Pegylated Protein Encapsulated Multivesicular Liposomes: A Novel Approach for Sustained Release of Interferon α

Abstract

Hepatitis C viral chemotherapy suffers from a relatively short half-life of the interferon α-2a (IFN α). To address this issue, we investigated the effects of polyethylene glycol modification and their subsequent encapsulation in multivesicular liposomes (MVLs), on the release properties of IFN α. In the present study, interferon-α was conjugated with methoxy-polyethylene glycol (mPEG, MW 5000). Prepared IFN α-mPEG5000 conjugate (IFN α-mPEG5000) was purified with size exclusion chromatography. The relative in vitro anti-viral activity of pegylated interferon α-2a was found to 87.9% of the unmodified IFN α. Pegylated IFN α encapsulated multivesicular liposomes were prepared by double emulsification technique followed by evaporation of organic solvents from chloroform ether spherules suspended in water.
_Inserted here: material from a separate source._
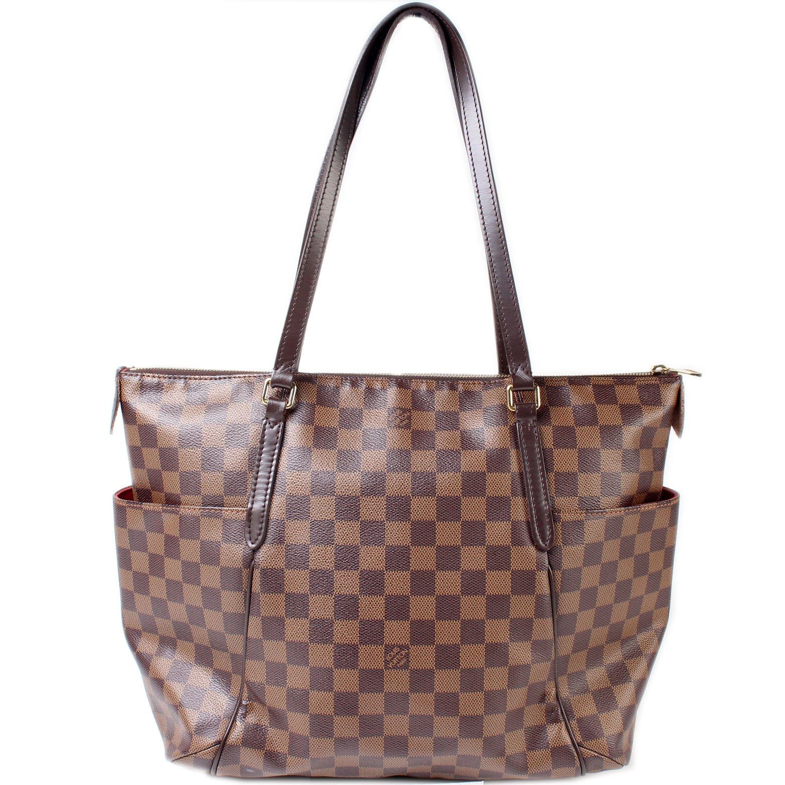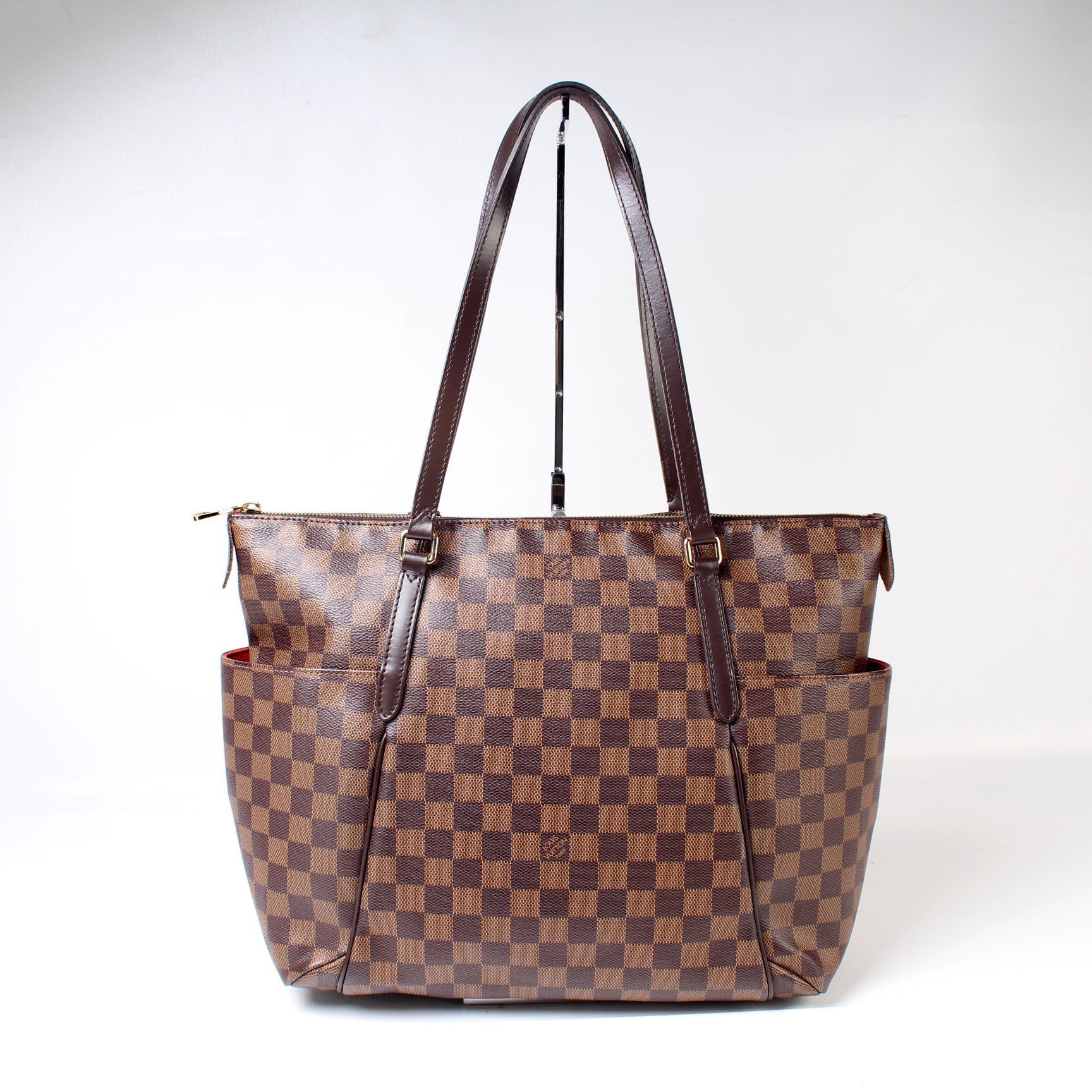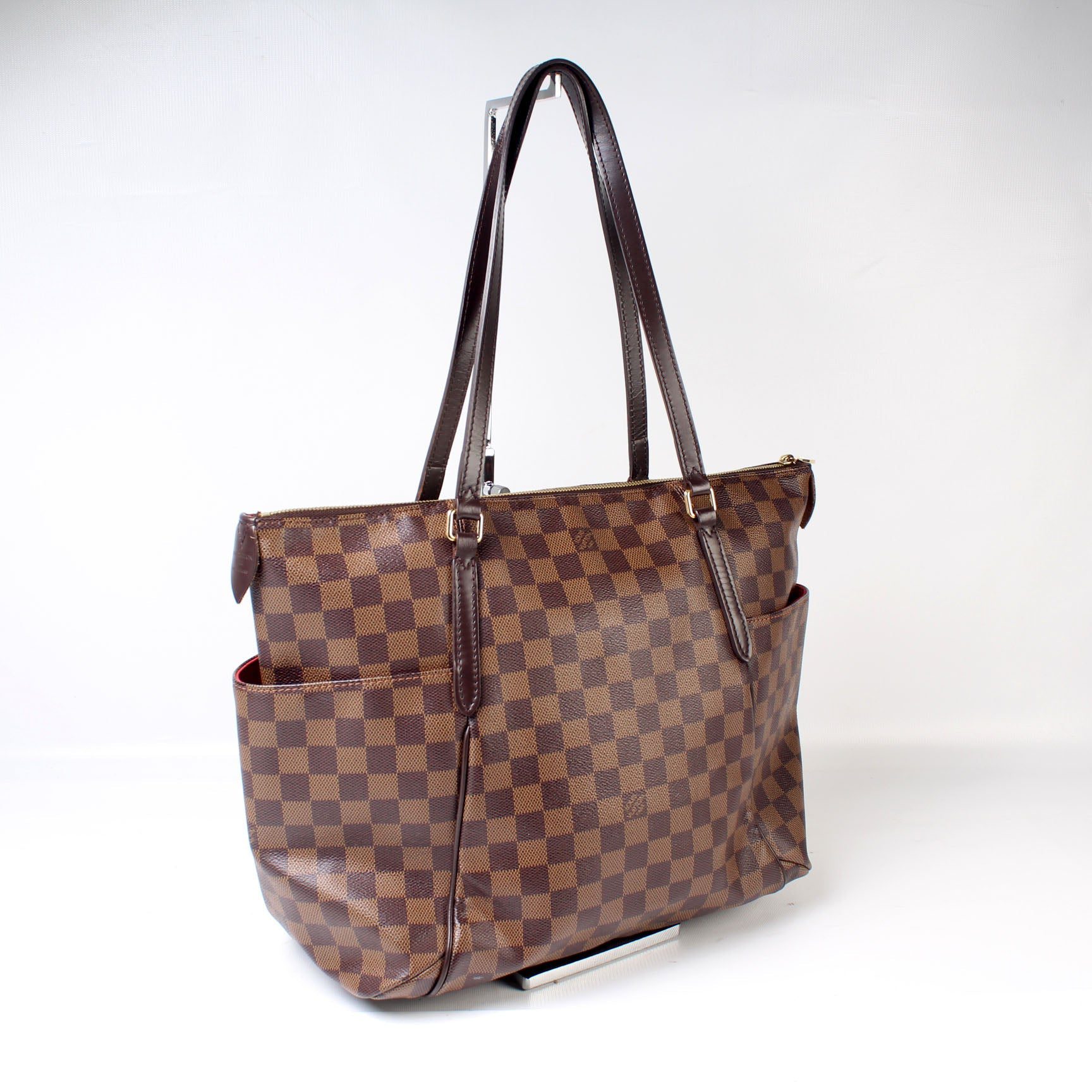 Louis Vuitton Totally MM. The exterior is in the classic Damier Ebene coated canvas.

Prepared MVLs were then characterized for shape, size, vesicle count, encapsulation efficiency, and in vitro release rate. In process stability studies of pegylated IFN α protein exhibited better stability when exposed to chloroform: diethyl ether (1:1 ratio) mixture as well as variable vortexing time as compared to native IFN α. Relatively high percentage of encapsulation of protein (∼75%) was achieved. In vitro release profile of pegylated IFN α-mPEG5000 containing MVLs in the PBS showed lower initial burst release with sustained and incomplete release over a period of 1 week. In contrast, native IFN α entrapped MVLs were observed as higher initial burst release, i.e., nearly 35% followed by almost complete release. The results confirmed the possibility of multivesicular liposomes as a long-acting or sustained-release delivery system using a combination of pegylation and encapsulation technique for controlled delivery of interferon α.